Indoleamine 2,3-dioxygenase 1 (IDO1) is a key immunosuppressive enzyme that modulates the anti-tumour immune response by promoting regulatory T cell generation and blocking effector T cell activation, thereby facilitating tumour growth by allowing cancer cells to avoid immune surveillance. Epacadostat is a first-in-class, highly potent and selective oral inhibitor of the IDO1 enzyme that reverses tumour-associated immune suppression and restores effective anti-tumour immune responses. In single-arm studies, the combination of epacadostat and immune checkpoint inhibitors has shown proof-of-concept in patients with unresectable or metastatic melanoma. In these studies, epacadostat combined with the PD-1 inhibitor pembrolizumab improved response rates compared with studies of the immune checkpoint inhibitors alone.

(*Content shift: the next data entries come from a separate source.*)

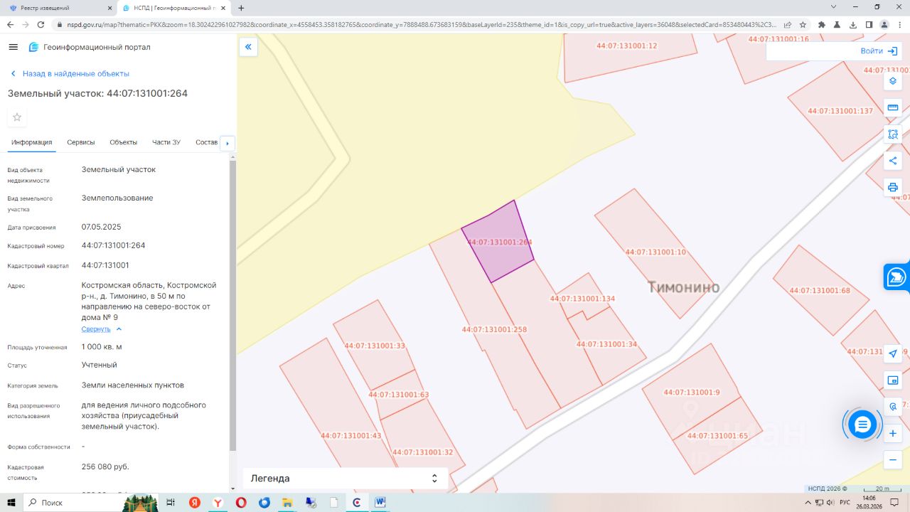 Земельный участок с кадастровым номером 44:07:131001:264, общей площадью 1000 кв.м, расположенного по адресу: Костромская область, Костромской р-н, д. Тимонино, в 50м по направлению на северо-восток от дома 9. Вид разрешенного использования для ведения личного подсобного хозяйства (приусадебный земельный участок). Категория земель земли населенных пунктов.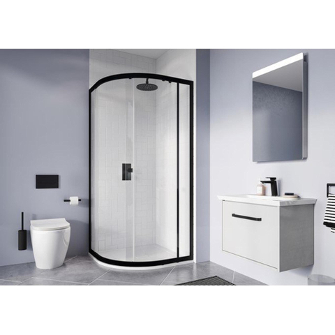 Crosswater Clear 6 kwartronde douchecabine met 1 schuifdeur 80x80x195cm 6mm helder veiligheidsglas mat zwart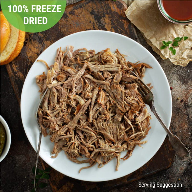 Speed up your kitchen meal prep times with a delicious ready to go meat that your family will love. Fully cooked, freeze dried and lightly seasoned pulled pork - a great source of protein that will keep you wanting more.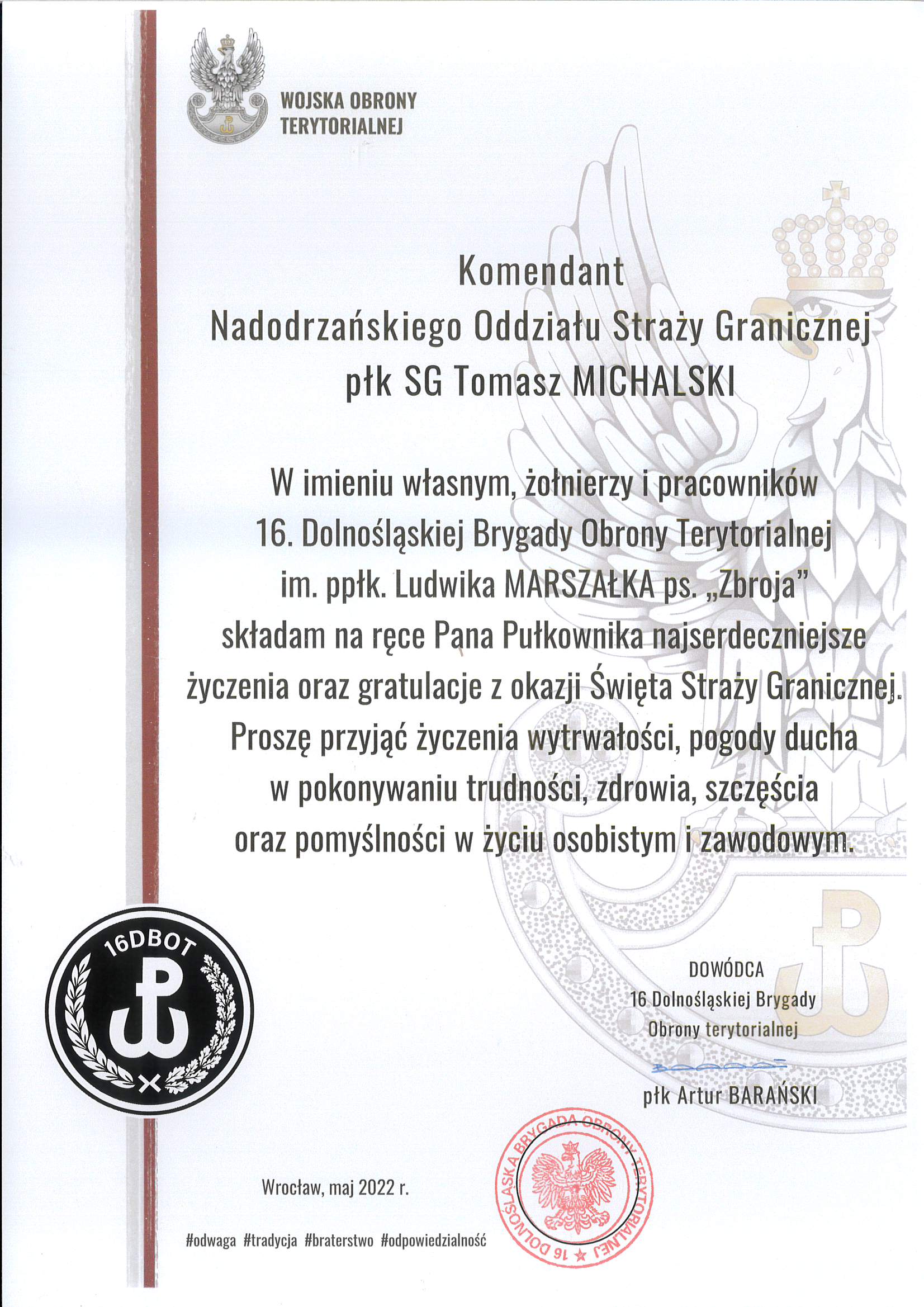 Życzenia skierowane przez Dowódcę 16 Dolnośląskiej Brygady Obrony Terytorialnej -

Initial data expected in 2018
ECHO-301 is a Phase III randomised, double-blind, placebo-controlled study that will evaluate pembrolizumab in combination with epacadostat or placebo in patients with unresectable or metastatic melanoma. The study will enrol 600 patients, randomised 1:1, who will be stratified by PD-L1 expression (positive versus negative/indeterminate) and BRAF mutation status (BRAF mutant who have received prior BRAF-directed treatment or BRAF mutant with no prior BRAF-directed treatment and BRAF wild type).
The two primary endpoints of the study are progression-free survival and overall survival. Key secondary endpoints include objective response rate, safety and tolerability.

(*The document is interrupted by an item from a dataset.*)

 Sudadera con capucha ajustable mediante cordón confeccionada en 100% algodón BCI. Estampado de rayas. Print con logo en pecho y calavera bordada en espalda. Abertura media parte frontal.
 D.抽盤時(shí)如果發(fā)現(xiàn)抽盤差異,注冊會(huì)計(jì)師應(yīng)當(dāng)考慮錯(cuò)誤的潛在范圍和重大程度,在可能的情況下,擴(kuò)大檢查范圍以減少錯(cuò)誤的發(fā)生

“We are very pleased to treat the first patient in the ECHO-301 study and advance the Phase III programme evaluating epacadostat in combination with pembrolizumab,” said Steven Stein, M.D. Incyte’s Chief Medical Officer. “This trial – the first to test this combination in a pivotal study – is part of the larger ECHO programme evaluating epacadostat, including combination studies with anti-PD-1 and PD-L1 therapies across multiple tumour types.”
Incyte expects initial data from the ECHO-301 study to be available in 2018.